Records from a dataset
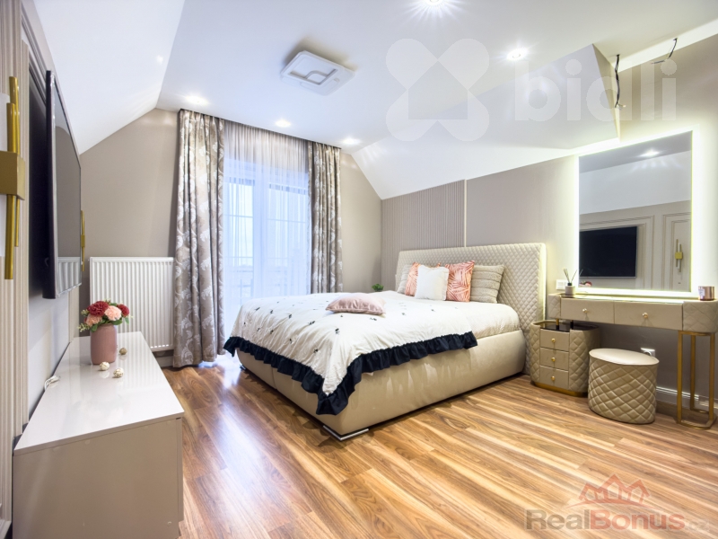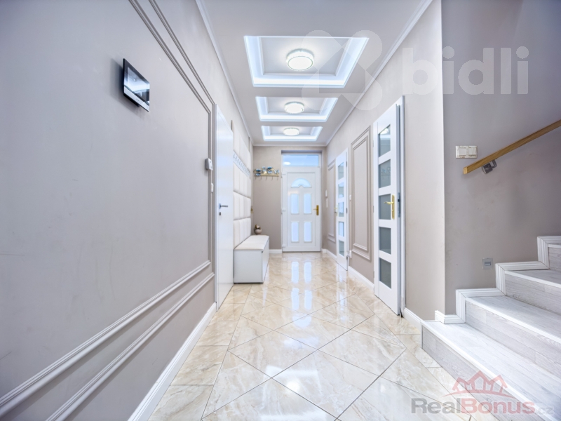 - mramorové prvky, dekorativní nástěnné lišty, vkusné stropní osvětlení ve všech částech domu
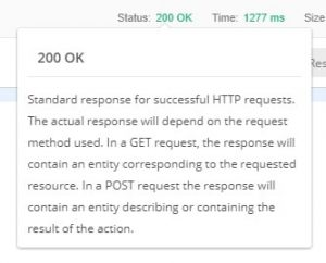 اگر نتیجه موفقیت آمیز باشد و خطایی از جانب WebAPI ایجاد نشده باشد، وضعیت نمایش داده شده مقدار 200 را خواهد داشت که در شکل بالا هم می بینیم.
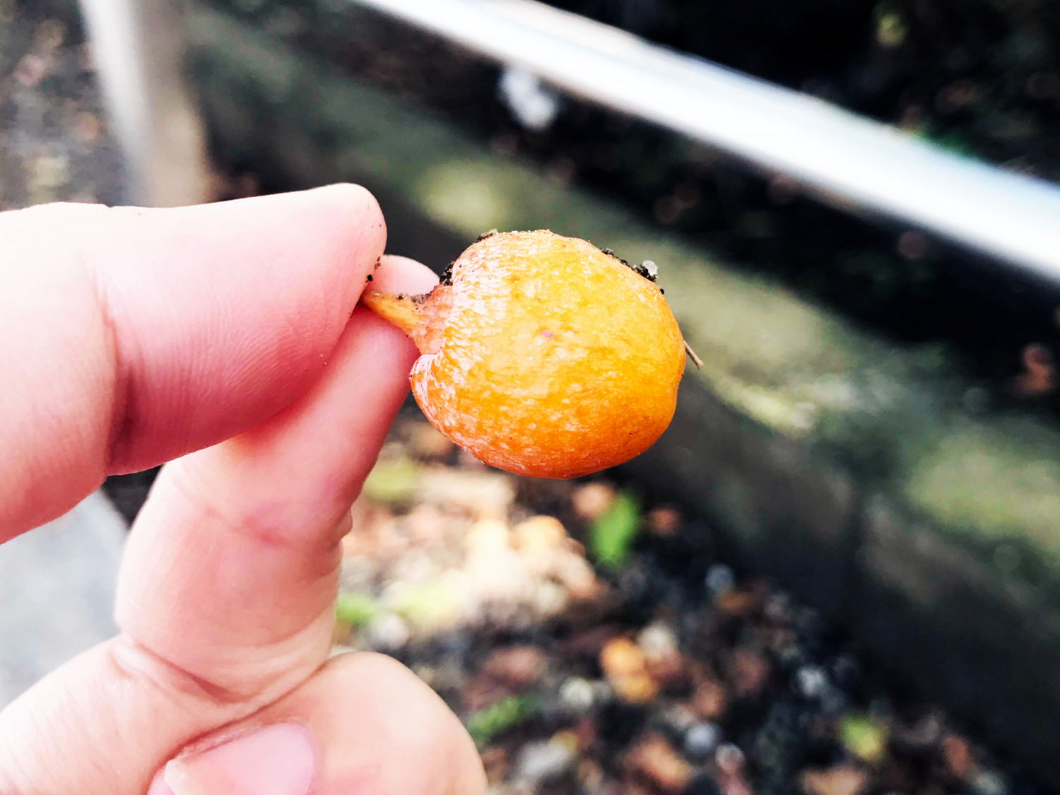 割れていないぎんなんの実はこんな感じ。(軸の部分を持てばニオイも手につきません。)スーパーで売っている馴染みのあるぎんなんは実は種なのです。オレンジ色の実を取り、種を乾燥させることで、あの姿になるのです。
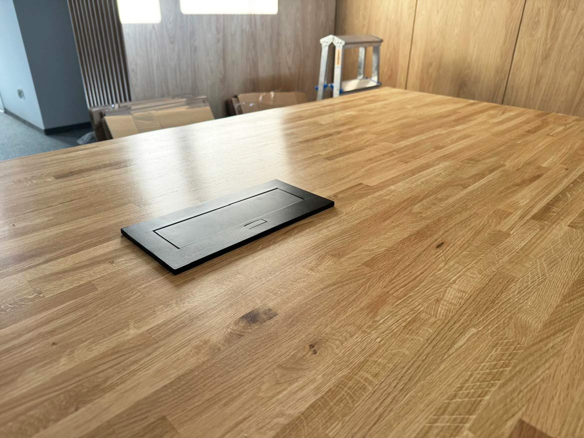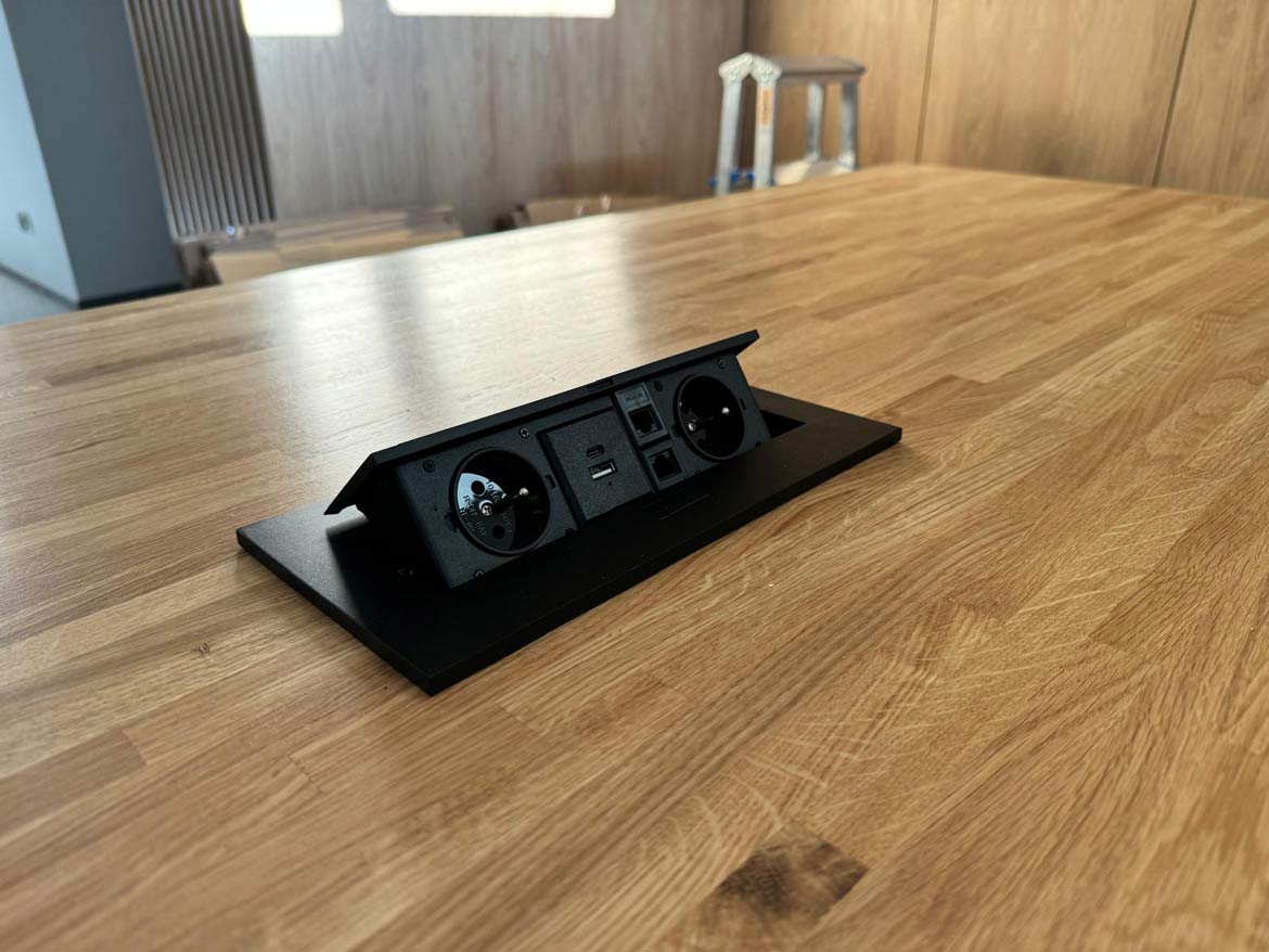 The tabletop also includes a practical power outlet, so you can conveniently plug in a laptop or charger without a tangle of cables. This is a simple but very functional piece of furniture that fits well with the character of the law office.
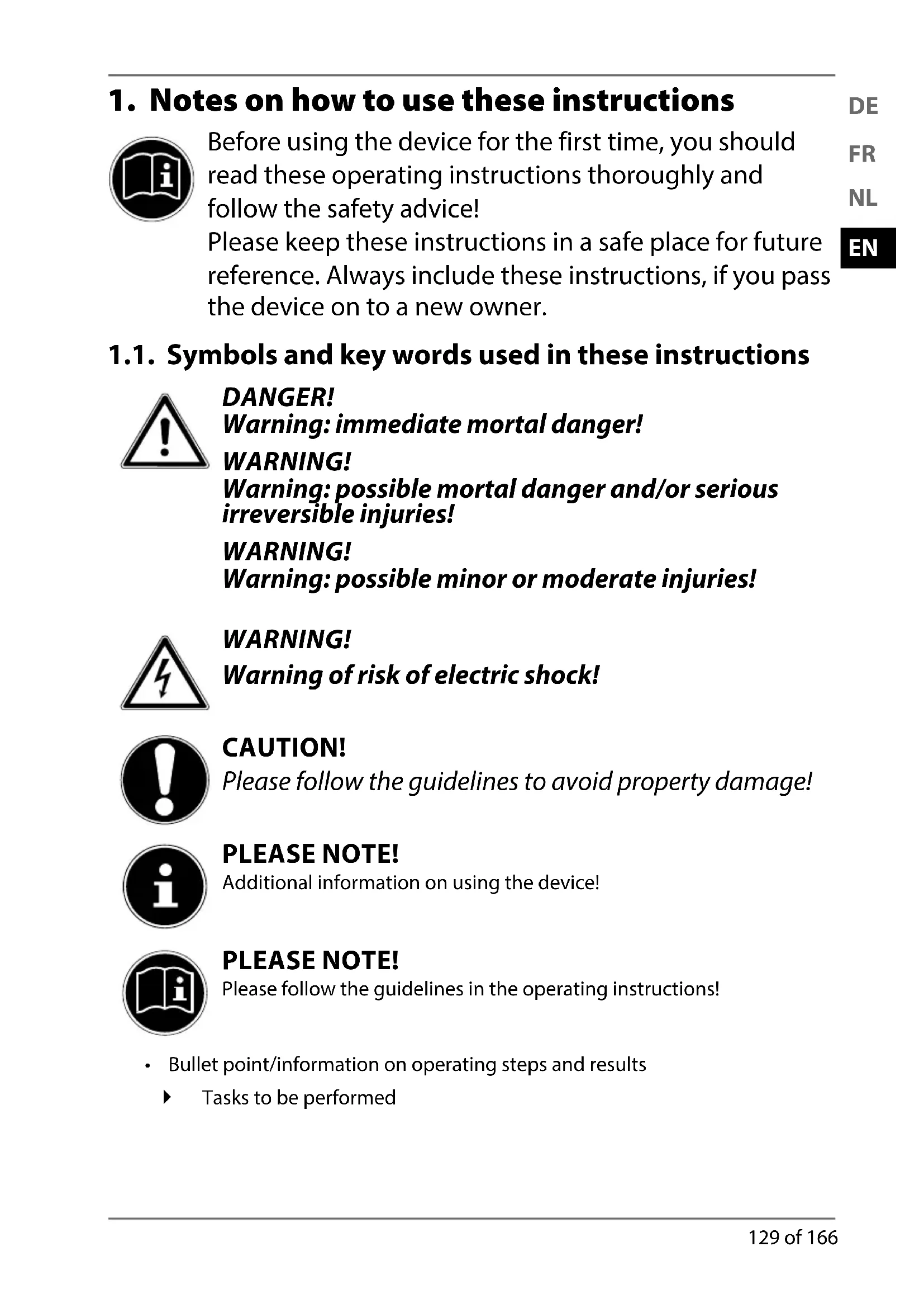 Before using the device for the first time, you should read these operating instructions thoroughly and follow the safety advice! Please keep these instructions in a safe place for future reference. Always include these instructions, if you pass the device on to a new owner. 1.1. Symbols and key words used in these instructions DANGER!

What is needed - Set down, word for word, only the lines running from the line with "The tabletop also" through the final line of the entries above, omitting all pictures.

Solution to this exercise -
 The tabletop also includes a practical power outlet, so you can conveniently plug in a laptop or charger without a tangle of cables. This is a simple but very functional piece of furniture that fits well with the character of the law office.
 Before using the device for the first time, you should read these operating instructions thoroughly and follow the safety advice! Please keep these instructions in a safe place for future reference. Always include these instructions, if you pass the device on to a new owner. 1.1. Symbols and key words used in these instructions DANGER!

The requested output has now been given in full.